Qinxi Wang ’18 is the only first-year student to receive the grant. She will be working for Simularity, a startup company in the Bay Area which specializes in data processing, including machine learning and pattern analyzing.

She will be helping the company analyze data, which relates to her academic and career plan. She said getting the grant enabled her to extend the duration of the internship.

“If I didn’t get the funding, I would have probably worked for a shorter term,” she said. “I originally planned to work for eight to 12 weeks, but now I can work for at least 12 weeks.”

Ilana Budenosky ’17, a rising junior majoring in studio art, is another recipient of the grant. This summer, she will be interning for Wonder Workshop Children’s Museum in Manhattan, Kansas.

“I will be sort of an artist in residence, helping them curate the exhibition about race and social justice,” she said. “As an art major, I will be creating posters and original artwork for the exhibition.”

She said that she will be saving a lot of the grant and put some of the money to her tuition and work study that she was not going to have in the fall.

Even though she will be living at home and be provided with food and housing, the grant will enable her to work full time for the internship. “If I didn’t get the funding, I would have to take on quite a few hours in a paid summer job as a waitress, [meaning] I would have to spend less time on the internship,” she said.

Jolena Zabel ’16, a member of MCSG who worked with the Internship Program to develop the Summer Internship Grant, is also one of the recipients. She received half of the amount compared to other students, because her internship is a part-time position.
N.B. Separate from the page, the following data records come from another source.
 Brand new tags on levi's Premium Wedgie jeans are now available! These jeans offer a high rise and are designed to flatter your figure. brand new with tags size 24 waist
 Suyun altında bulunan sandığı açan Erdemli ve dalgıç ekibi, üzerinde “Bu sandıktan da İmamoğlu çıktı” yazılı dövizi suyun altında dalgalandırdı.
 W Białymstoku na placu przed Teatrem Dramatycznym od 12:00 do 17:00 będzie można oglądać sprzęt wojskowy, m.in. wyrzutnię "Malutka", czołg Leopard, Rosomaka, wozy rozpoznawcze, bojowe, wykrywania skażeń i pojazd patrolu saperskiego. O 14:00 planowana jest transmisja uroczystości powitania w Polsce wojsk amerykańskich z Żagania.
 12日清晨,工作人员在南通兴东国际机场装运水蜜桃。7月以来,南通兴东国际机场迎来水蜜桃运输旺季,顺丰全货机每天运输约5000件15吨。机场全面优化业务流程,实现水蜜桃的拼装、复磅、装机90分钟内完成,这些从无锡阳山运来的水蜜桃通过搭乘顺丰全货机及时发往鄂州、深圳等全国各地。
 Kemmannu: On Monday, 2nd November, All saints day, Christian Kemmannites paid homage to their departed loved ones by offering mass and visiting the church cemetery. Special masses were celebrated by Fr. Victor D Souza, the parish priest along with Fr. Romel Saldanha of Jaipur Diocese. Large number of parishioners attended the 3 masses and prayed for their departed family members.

As a part of the Amy Ostermeier Human Rights Fellowship, Zabel will be working at the State Department in the office of the Under Secretary for Civilian Security, Democracy and Human Rights. “I study international studies, English and political science with a human rights concentration, so it is exactly in line with my career ambition,” Zabel said.

David Goldstein ’16 , another recipient of the grant, will also be working at the State Department, but in the Bureau of Population, Refugees and Migration (PRM).

“It is an organization that gives aid to refugees throughout the world,” he said. “I’ll be attending night classes and different council meetings and doing networking.” Goldstein said he has been looking for a way to fund his internship ever since he was accepted as an intern for State Department. “[The grant] made the internship possible,” he said. “If I didn’t have significant funding, I wouldn’t have been able to do it.”

He plans to use his $4,500 grant towards his housing in Washington DC. “I will be living in DC the whole summer, and it costs at least $3,000 for housing.

The rest of it will go towards food,” he explained.

There were many criteria for the selection. “First and foremost, the quality of the application was an important factor,” Porter said. “We also looked at how the internship tied to students’ academics, their career plans, and what they would be doing specifically for the organization.” Also, the capacity of the organization to support interns also impacted the committee’s decision. “We wanted to make sure we have the diversity to address more of the student population,” Porter said.

Porter said that the program will possibly grow in following years. “Our goal is to run through the program this summer, and gain a lot of experience on how to run the program,” he said. “Next year, we will have a program that starts much earlier, so we will have much more time to make it happen.”

It is unsure how much the grant is going to expand next year. “It depends on how the fundraising goes,” Porter explained. “We are targeting 25 grantees right now, and that would actually be a good place to go because this does take a lot of time and energy administratively.”